(Dataset items)
+--
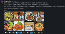 쪼이 재택근무를 하면 실제로 팀원들과 얼굴을 보며 소통하는 것이 아니다 보니 팀원분들과 가까워지는 데 더 많이 노력해야겠다고 생각했었습니다. 하지만 팀원분들이 적극적으로 랜선 회식, 팀 게임 플레이, 그리고 요리 대회 등 다양한 활동과 대화의 기회를 만들어 주셔서 가까워졌습니다🤭 반대로 재택근무에서 업무를 익히는 과정에서는 담당 사수분이 편안한 분위기를 만들어 주셔서 채팅이나 콜로 업무에 대해 쉽게 여쭤볼 수 있는 환경에서 큰 어려움을 느끼지 못했습니다 🙅♀️
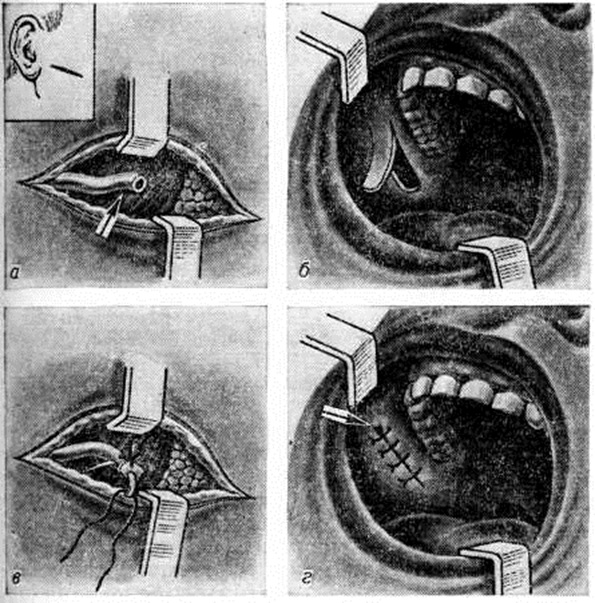 Для устранения полных наружных свищей околоушного протока проводят более сложные реконструктивные операции. При достаточной длине оставшегося околоушного протока устье свища выделяют окаймляющими разрезами на коже щеки и через ткани щеки проводят околоушный проток в полость рта, подшивая его к краям рассечённой слизистой оболочки. При невозможности проведения данной операции наиболее радикальной и надёжной является пластика периферической части протока по методу, предложенному Г. А. Васильевым. Окаймляющим разрезом иссекают устье Слюнные свищи на коже щеки, отпрепаровывают околоушный проток с учётом топографии ветвей лицевого нерва (рисунок, а). Далее соответственно переднему краю жевательной мышцы на слизистой оболочке щеки выкраивают языкообразный лоскут с основанием, обращённым кпереди (рисунок, б). Затем свободный край лоскута проводят сквозь рассечённые ткани щеки и подшивают его к краям центрального участка ранее выделенного околоушного протока (рисунок, в). Таким образом из тканей слизистой оболочки щеки формируют проток околоушной железы с устьем у основания лоскута (рисунок, г).
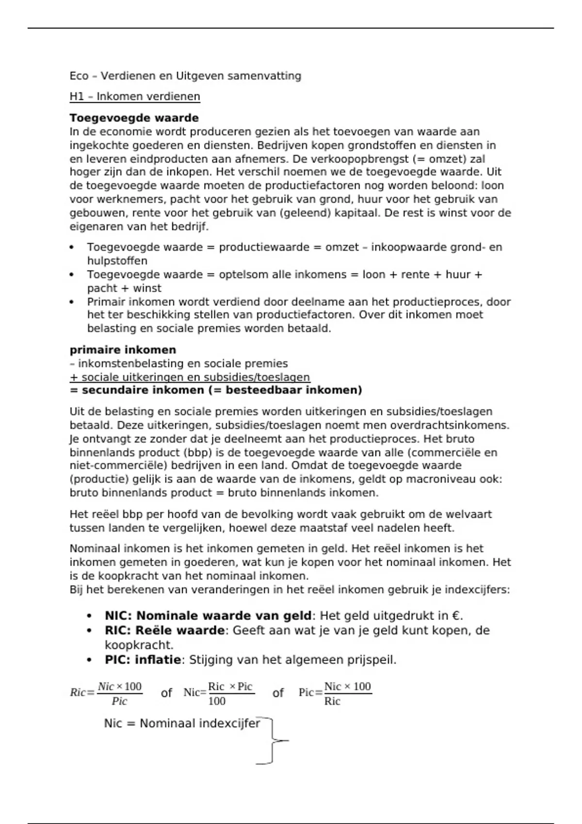 Samenvatting Economie Verdienen en Uitgeven LWEO
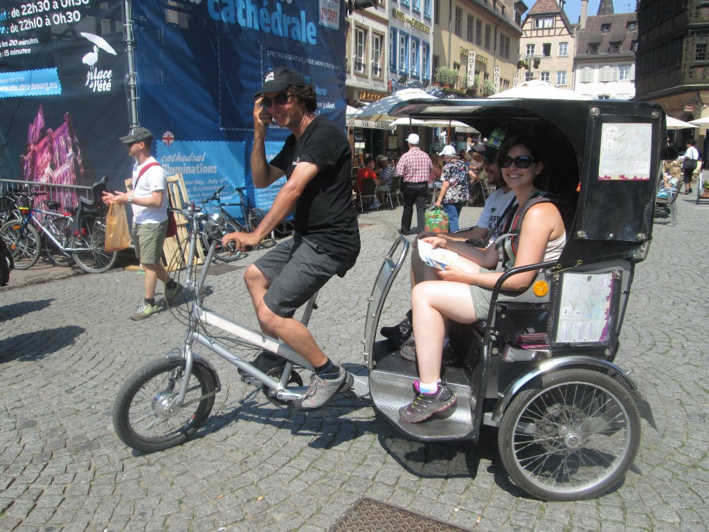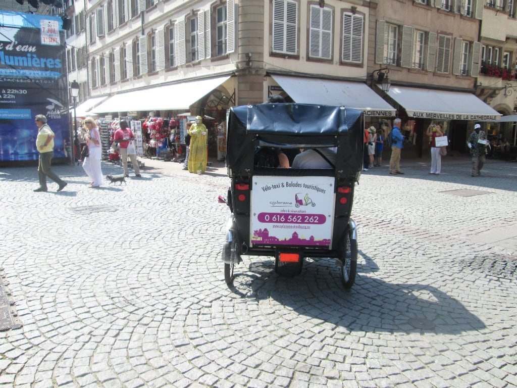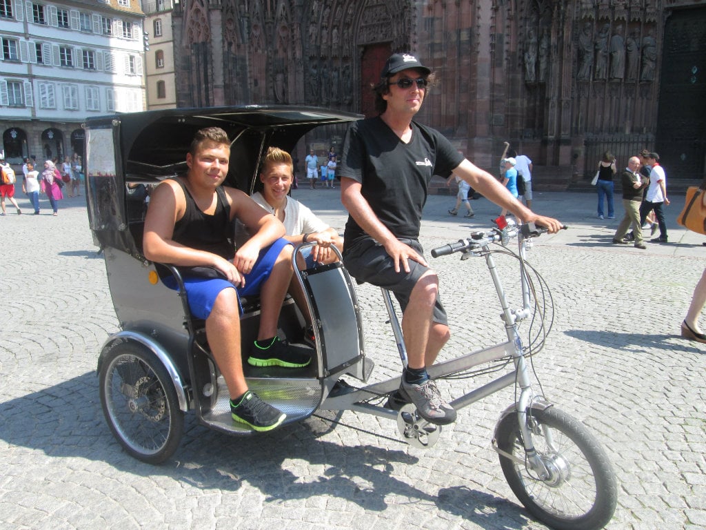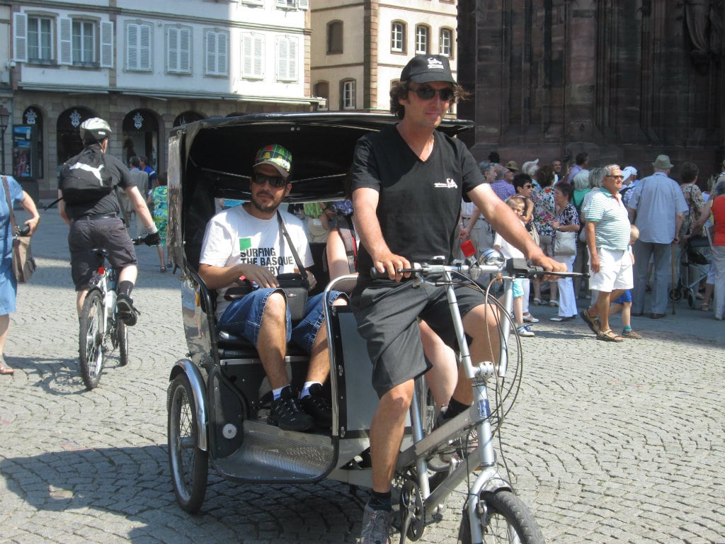 Pari réussi ce matin pour Jean-Charles Muller. Un couple de touristes aimerait être déposé place Kléber. Le trajet est court mais quelques minutes plus tard, il revient avec à l’arrière de son vélo, deux autres touristes allemands qui souhaitaient justement visiter la cathédrale. A peine déposés, les Jean-Charles reprend le guidon, et ainsi de suite jusqu’au coucher du soleil :
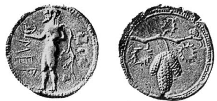 | BMC 1 | Possibly the Serdiai, Sybaris, Lucania. AR didrachm. 7.95 g. MEΡ (ΣEΡ retrograde with sideways Σ?), Dionysos, naked, standing left, holding kantharos and long vine with bunches of grapes. / Bunch of grapes with a wreath to left and right. BMC Italy ("Ser.."), 1; de Luynes 1138; Traite II-1, 2222 ("Sergention"); Bernhart 651 ("uncertain in Bruttium"). | Text | Image |
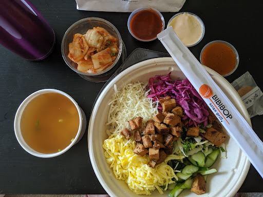 Read moreThis was my first time visiting a Bibibop franchise, and I Absolutely fell in love & feel like I found a new favorite joint. The menu is very simple to order from, and the food was awesome. I like it that you start from a slightly bland dish and you can control the strength of the flavor with the different sauces on the side - far better and healthier option than sodium riddled food out there nowadays. I love the gluten free, vegan & vegetarian option that you can take when building the bowl. I was delighted to find this place for a vegetarian friend of mine. (No doubt she already knows about this place though) This particular location seems it had just opened, and itâs immaculately clean with very modern seating areas. The staff are extremely friendly and fast. I went there at noon - right at the peak lunch hour. It was very busy but still it took me less than 5 minutes to walk away with my food. ...
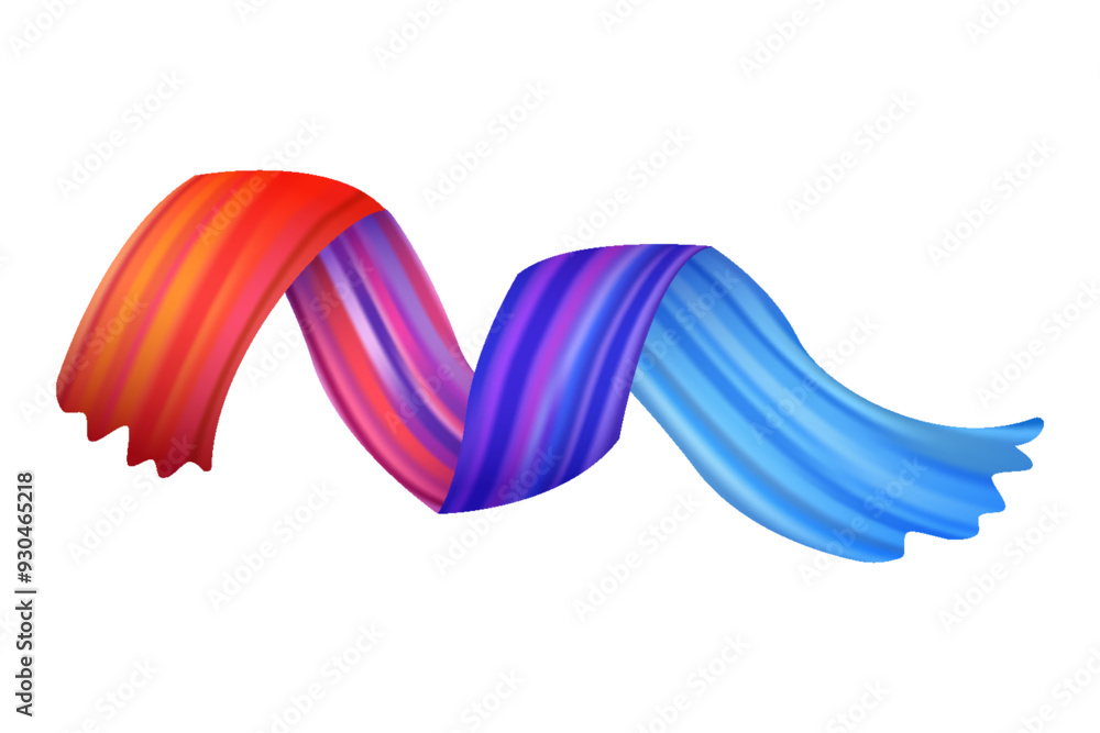 The watermark will not be included on Wall mural.: Brushstroke multicolor gradient texture - brush ribbon isolated on white - design element of wavy curl
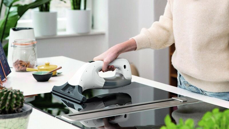 My first and favourite hack is the induction hob — in fact, any flat glass hob will benefit here. Ensure the blade of the vacuum is immaculate before starting, as a single bit of grit could cause a scratch on your pricey Bora. When you clean the hob, be it a typical flush model or a new generation invisible hob, the window vac will shine up the surface in a quick swat. Obviously, when using the vacuum, the hob should be completely cold (there’s a rubber edge on the vacuum) and all debris, muck and oil should already be cleaned off, leaving just the rinse water. Once you’ve started using the vacuum on the hob, you’ll notice the surrounding counter is also left streak-free.
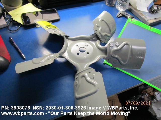2930-01-306-3926 An item with blades or vanes equally spaced radially around the periphery of a hub, flange, or rotor. It is the rotating part of an axial type fan, electric motor, generator, and the like which creates a flow of air or gas parallel to the axis of rotation.20229300045Engine Cooling System Components, Nonaircraft41400043Fans, Air Circulators, and Blower Equipment
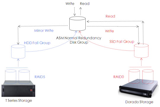 In Oracle 10 g R2 and above version, the combination of Oracle ASM function with Huawei T series arrays and Dorado solid state disk array can get high-reliability and high-performance. It makes SSD from Dorado and HDD from T series storage ASM a normal redundancy disk group, and choose Dorado as the main storage. Under normal workload, Oracle reads and writes on SSD and synchronizes the writing data automatically to HDD. Once the SSD fails, the business workload will switch to T series arrays automatically. This solution effectively guarantees the business continuity with reduced investment.
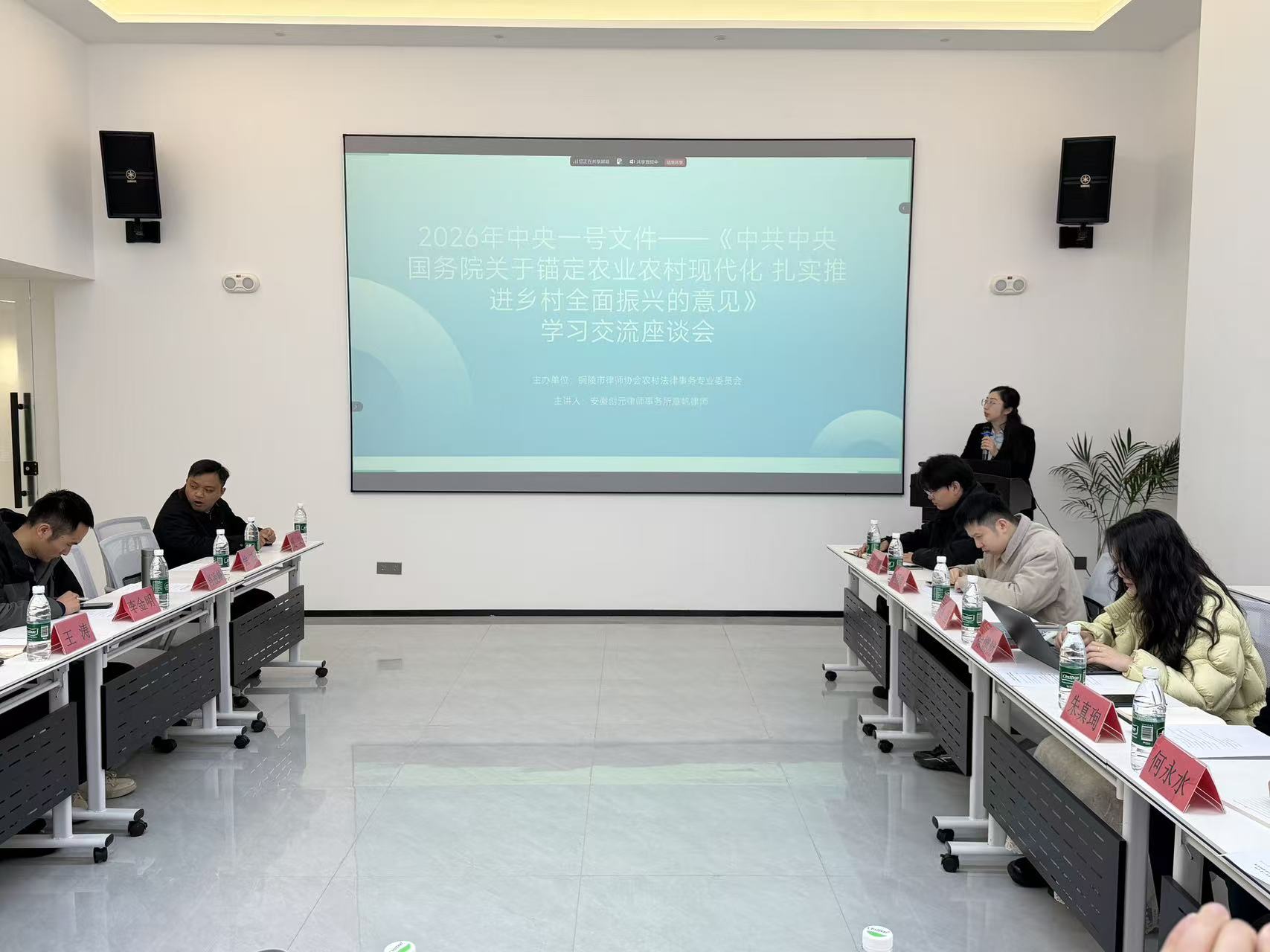 2026年3月21日上午,市律协农专委在创元律师事务所举办了学习贯彻2026年中央一号文件《中共中央国务院关于锚定农业农村现代化扎实推进乡村全面振兴的意见》暨“律师服务乡村振兴”专题研讨活动。铜陵学院法学与公共管理学院院长吴孔军和市律师行业党委副书记、市律协会长严锐出席活动,并进行了致辞、点评和总结。
+--
• _Task directions_: From the first line to the last, output the records exactly without pictures.

• _Result_:
 쪼이 재택근무를 하면 실제로 팀원들과 얼굴을 보며 소통하는 것이 아니다 보니 팀원분들과 가까워지는 데 더 많이 노력해야겠다고 생각했었습니다. 하지만 팀원분들이 적극적으로 랜선 회식, 팀 게임 플레이, 그리고 요리 대회 등 다양한 활동과 대화의 기회를 만들어 주셔서 가까워졌습니다🤭 반대로 재택근무에서 업무를 익히는 과정에서는 담당 사수분이 편안한 분위기를 만들어 주셔서 채팅이나 콜로 업무에 대해 쉽게 여쭤볼 수 있는 환경에서 큰 어려움을 느끼지 못했습니다 🙅♀️
 Для устранения полных наружных свищей околоушного протока проводят более сложные реконструктивные операции. При достаточной длине оставшегося околоушного протока устье свища выделяют окаймляющими разрезами на коже щеки и через ткани щеки проводят околоушный проток в полость рта, подшивая его к краям рассечённой слизистой оболочки. При невозможности проведения данной операции наиболее радикальной и надёжной является пластика периферической части протока по методу, предложенному Г. А. Васильевым. Окаймляющим разрезом иссекают устье Слюнные свищи на коже щеки, отпрепаровывают околоушный проток с учётом топографии ветвей лицевого нерва (рисунок, а). Далее соответственно переднему краю жевательной мышцы на слизистой оболочке щеки выкраивают языкообразный лоскут с основанием, обращённым кпереди (рисунок, б). Затем свободный край лоскута проводят сквозь рассечённые ткани щеки и подшивают его к краям центрального участка ранее выделенного околоушного протока (рисунок, в). Таким образом из тканей слизистой оболочки щеки формируют проток околоушной железы с устьем у основания лоскута (рисунок, г).
 Samenvatting Economie Verdienen en Uitgeven LWEO
 Pari réussi ce matin pour Jean-Charles Muller. Un couple de touristes aimerait être déposé place Kléber. Le trajet est court mais quelques minutes plus tard, il revient avec à l’arrière de son vélo, deux autres touristes allemands qui souhaitaient justement visiter la cathédrale. A peine déposés, les Jean-Charles reprend le guidon, et ainsi de suite jusqu’au coucher du soleil :
 | BMC 1 | Possibly the Serdiai, Sybaris, Lucania. AR didrachm. 7.95 g. MEΡ (ΣEΡ retrograde with sideways Σ?), Dionysos, naked, standing left, holding kantharos and long vine with bunches of grapes. / Bunch of grapes with a wreath to left and right. BMC Italy ("Ser.."), 1; de Luynes 1138; Traite II-1, 2222 ("Sergention"); Bernhart 651 ("uncertain in Bruttium"). | Text | Image |
 Read moreThis was my first time visiting a Bibibop franchise, and I Absolutely fell in love & feel like I found a new favorite joint. The menu is very simple to order from, and the food was awesome. I like it that you start from a slightly bland dish and you can control the strength of the flavor with the different sauces on the side - far better and healthier option than sodium riddled food out there nowadays. I love the gluten free, vegan & vegetarian option that you can take when building the bowl. I was delighted to find this place for a vegetarian friend of mine. (No doubt she already knows about this place though) This particular location seems it had just opened, and itâs immaculately clean with very modern seating areas. The staff are extremely friendly and fast. I went there at noon - right at the peak lunch hour. It was very busy but still it took me less than 5 minutes to walk away with my food. ...
 The watermark will not be included on Wall mural.: Brushstroke multicolor gradient texture - brush ribbon isolated on white - design element of wavy curl
 My first and favourite hack is the induction hob — in fact, any flat glass hob will benefit here. Ensure the blade of the vacuum is immaculate before starting, as a single bit of grit could cause a scratch on your pricey Bora. When you clean the hob, be it a typical flush model or a new generation invisible hob, the window vac will shine up the surface in a quick swat. Obviously, when using the vacuum, the hob should be completely cold (there’s a rubber edge on the vacuum) and all debris, muck and oil should already be cleaned off, leaving just the rinse water. Once you’ve started using the vacuum on the hob, you’ll notice the surrounding counter is also left streak-free.
2930-01-306-3926 An item with blades or vanes equally spaced radially around the periphery of a hub, flange, or rotor. It is the rotating part of an axial type fan, electric motor, generator, and the like which creates a flow of air or gas parallel to the axis of rotation.20229300045Engine Cooling System Components, Nonaircraft41400043Fans, Air Circulators, and Blower Equipment
 In Oracle 10 g R2 and above version, the combination of Oracle ASM function with Huawei T series arrays and Dorado solid state disk array can get high-reliability and high-performance. It makes SSD from Dorado and HDD from T series storage ASM a normal redundancy disk group, and choose Dorado as the main storage. Under normal workload, Oracle reads and writes on SSD and synchronizes the writing data automatically to HDD. Once the SSD fails, the business workload will switch to T series arrays automatically. This solution effectively guarantees the business continuity with reduced investment.
 2026年3月21日上午,市律协农专委在创元律师事务所举办了学习贯彻2026年中央一号文件《中共中央国务院关于锚定农业农村现代化扎实推进乡村全面振兴的意见》暨“律师服务乡村振兴”专题研讨活动。铜陵学院法学与公共管理学院院长吴孔军和市律师行业党委副书记、市律协会长严锐出席活动,并进行了致辞、点评和总结。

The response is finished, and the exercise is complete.